VISIBLE, NOT INTRUSIVE
The response to the mixed-audience challenge is built on a two-level architecture: a complete, self-contained World Cup page on one side, and a few carefully placed entry points from the home screen on the other. Most of the FIFA content is centralised in a dedicated page news, schedule, results, highlightd. The home screen simply signals the event without imposing it: a few well-placed entry points are enough to make the World Cup visible for those who want it, without transforming the experience for those who don't.

TOUCHPOINTS
Onboarding - Three days before the World Cup kicks off, a dedicated splash screen appears at app launch.
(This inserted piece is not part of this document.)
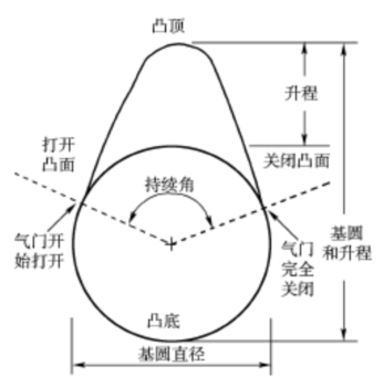 同一缸的进排气凸轮称为异名凸轮。四冲程发动机的排气行程和进气行程是两个相连的行程,如果气门不早开晚关,从排气门开启到进气门开启,刚好是一个行程,曲轴转过180°,反映到凸轮轴上两异名凸轮之间的夹角为90°。由于气门是早开晚关的,所以两异名凸轮间的夹角大于90°。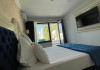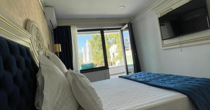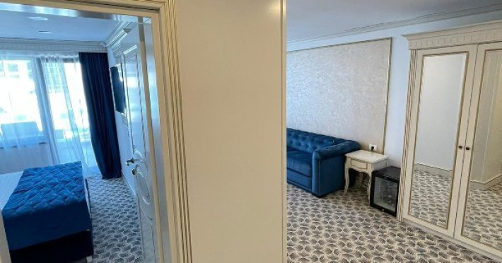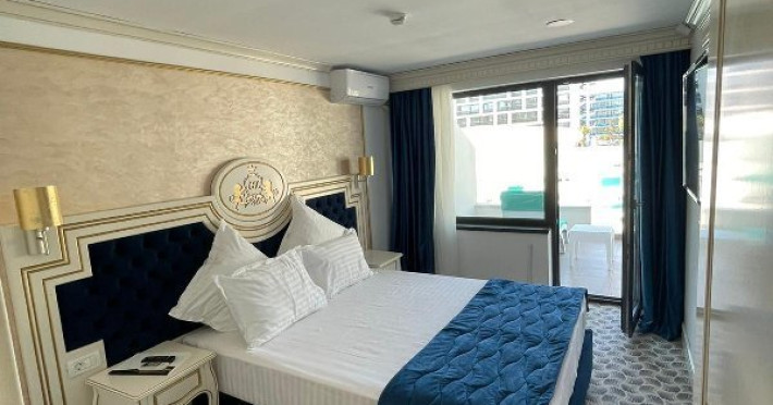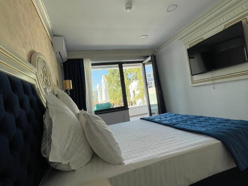 APARTAMENTE KING Apartamentul, cu o suprafata generoasa de 36mp este impartit in 3 zone specifice: dormitor, living open space si terasa cu vedere si iesire directa la zona de piscine si curtea interioara a resortului. Dormitorul este dotat cu pat matrimonial (160*200 cm), livingul spatios poate fi utilizat atat ca zona de relaxare precum si ca zona de dormit. Canapeaua este extensibila si foarte comoda, poate fi utilizata de doua persoane. Terasa spatioasa a apartamentului este dotata cu masuta, 4 scaune si un sezlong. De aici, exista acces direct la terasa exterioara si piscine. Pentru confortul dumneavoastra fiecare apartament este dotat cu aer conditionat, internet wireless gratuit, televiziune prin cablu. Acces in camera cu card margnetic, fiecare apartament are baie cu cabina de dus si toate dotarile necesare: feon, cosmetice, prosoape, halat, papuci de unica folosinta.

This single moment is designed as a turning point: the user knows the event is imminent, and the app invites them to personalise their experience before the competition even begins.
Event banner - Ten days before kick-off, a FIFA World Cup 2026 banner appears at the top of both the app and the website. It features a real-time countdown to build excitement and signal the upcoming event to regular users. Designed as a non-blocking contextual element, it sits within the content flow without disrupting standard navigation. When the competition begins, the banner switches to an active mode and becomes the direct entry point to the official World Cup page.

SCHEDULE
Calendar banner - At the top of the World Cup page, a dedicated banner displays the competition schedule and provides direct access to all matches. It gives users immediate orientation upon landing: knowing where the competition stands, which match is coming up, and which one just finished. Placing the schedule first answers the most immediate need of a sports user: locating themselves within the competition. This reduces the number of taps needed to find the next match.
DESIGN
Pronos banner - acts as a subtle entry point into the tournament experience. Displayed before and during key matches, it directs users to the RTS prediction platform, where they can predict results, compete with friends, and engage with the event through a social, gamified experience.
Video player - redesigned for major live events, allowing users to follow matches with all the convenience expected from a modern viewing experience. Alongside core viewing features, a real-time timeline highlights key moments goals, cards, major actions enabling users to instantly jump to the most important parts of the match in a single tap.

NAVIGATION
The World Cup page is structured around four tabs, each corresponding to a distinct user intent and consumption moment. From quickly checking a score to diving into competition highlights.
News - All editorial content from the competition; articles, reports, last videos gathered in one place. Designed for users who follow the event over time and want to stay informed beyond just scores.
Live - Full schedule of all competition matches, with the option to set a reminder and receive a notification at kick-off. This feature addresses a key user behaviour: not wanting to miss a match without having to monitor the time themselves.
NAVIGATION
Results - A consolidated view of all match results, alongside group tables and live standings. Designed for quick, often mobile, often contextual consultation, on public transport, during a break.
Highlight - Video swimlanes organised by content type; match recaps, best moments, top plays, enabling fast, targeted consumption. Designed for users who missed a match and want to catch the key moments in just a few minutes.